By a pond on a sunny morning in May, a frog becomes a witness to how flora and fauna are slowly turning topsy-turvy.

Faster Movie, Kill Kill Kill
Thomas Isler, 1995, 16mm, b/w, 3:20 min.
A celebration in five acts of speed, aggression, intoxication and joy—an experimental attempt to reach the filmmaker’s physical and mental limits.

Der Komplex
Fabienne Boesch, degree project 2002, 35mm (Faz), color & b/w, 30 min.

Approximately 800 people representing different ethnic groups and social classes live in Zurich’s Lochergut high-rise housing project. A declaration of love of cultural exchange, neighborly tolerance and charming eccentricity.

Timing
Chris Niemeyer, degree project 1999, 35mm (Faz), b/w, 15 min.

A sci-fi thriller in which time has become merely a question of drugs. In CIP, a privately managed prison, Dr. Block manipulates an inmate’s perception of time. When Claire Lobos, the facility’s psychologist, finds out about it, she has to use
Dr.

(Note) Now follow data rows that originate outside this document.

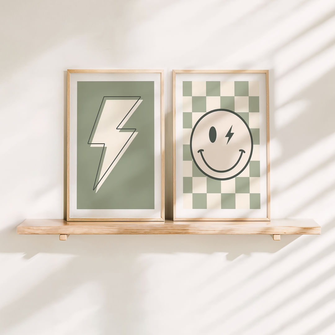 Esta parede de arte emana uma energia lúdica e um charme eletrizante através das suas pinturas harmoniosas. A pintura da esquerda com o símbolo do relâmpago contrasta elegantemente com o rosto feliz da pintura da direita, criando uma dinâmica vibrante e equilibrada. A paleta de cores verde e bege contribui para uma atmosfera suave, mas expressiva, que realça a estética do ambiente e cria um conjunto agradável.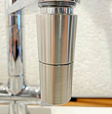 Unser hochwertiger & außergewöhnlicher „WhirlPearl One“ Wasserverwirbler eignet sich perfekt für die Vitalisierung & Belebung nach Umkehrosmoseanlagen oder Aktivkohlefiltern an denen nicht bereits eine hochwertige Premium Vitalisierung von UMH oder Aquadea verwendet wird. Nutzung bereits ab ca. 0,7 l Wasserleistung pro Minute. Dank einer speziellen Bündeldüse konnte dabei komplett auf den üblichen Kunststoffperlator verzichtet werden. M22 Gewindeanschluss | Made in Germany.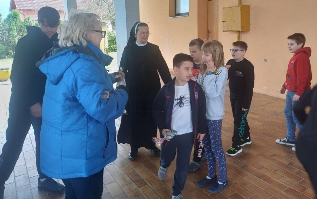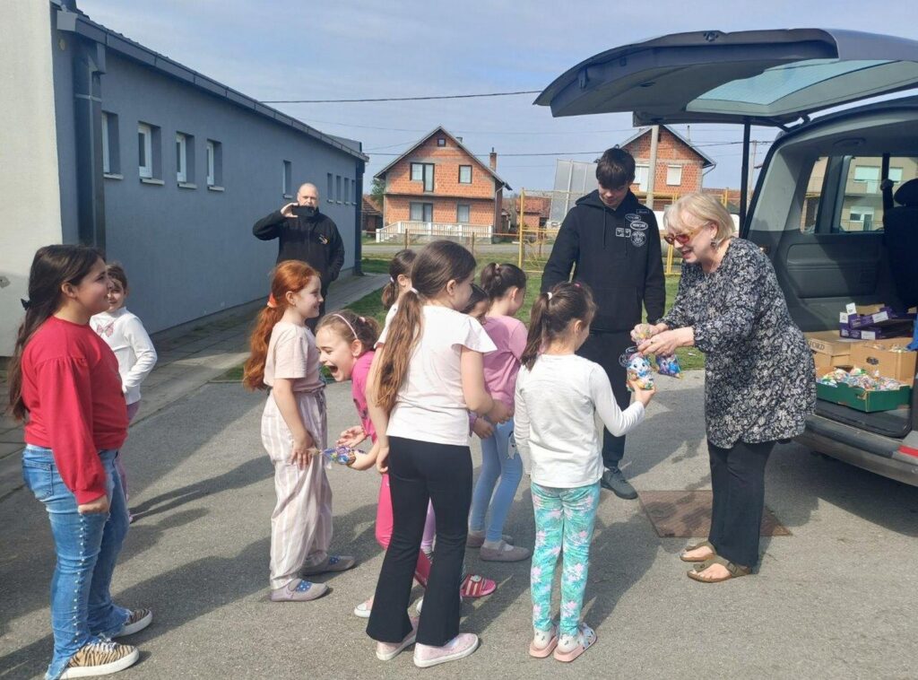 Također su obradovali i učenike u područnoj školi u Ivanovcima kraj Valpova i djecu s poteškoćama u razvoju u slatinskim školama, kao i odrasle korisnike udruge JAGLAC u Orahovici. Ukupno je podijeljeno oko 1.400 prigodnih poklona. U nekim školama učenici su izveli male predstave kao znak zahvalnosti donatorima. Ravnateljice škola i njihove kuharice bile su susretljive prema nama gladnim namjernicima. Kao i uvijek svojom toplom gostoljubljivošću primila ih je obitelj Ante Škrobića iz Mačkovca sa suprugom Lucom i kćerkom Ivanom.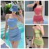Traje de Baño Mujer Aguas Termales Sexy Nuevo Estilo Pecho Pequeño Color Sólido Bandeau Sentido Blanqueador Bikini de Gama Alta 2024 Dos Piezas Cordón

Block’s drugs to rescue the prisoner and herself.

Amnesie
Anne-Catherine Kunz, 1999, Beta SP, color, 7 min.

“My mother says I’m just like my grandmother—she simply went to sleep and didn’t want to get up anymore.”—Thoughts of a daughter in a hospital at 9:59 on a Sunday morning.

Wunderland
Michael Hertig, degree project 2000, 35mm (Faz), color, 11:20 min.

A postcard. A short story about a vacation in a land without borders. Images. A
journey. Nothing is fixed, all is in motion. The only constant is that everything is
undergoing change and doing so unremittingly. The wonderland is exploding.

In cooperation with Moviemento, Linz.

Supplementary Notes:

The Film/Video Program has been offered for 11 years in Zurich. With 50 students, it provides the most comprehensive training in filmmaking available in Switzerland. The faculty members are Prof. Lucie Bader, Prof. Margit Eschenbach, Prof. Marille Hahne, Prof. Bernhard Lehner. The course of instruction also features numerous series of specialized seminars conducted by Swiss independent filmmakers. The “Jubiläum-Jubilee” DVD in the exhibition of works from the Department of Media and Art includes 17 additional student productions along with detailed and comprehensive supplementary material.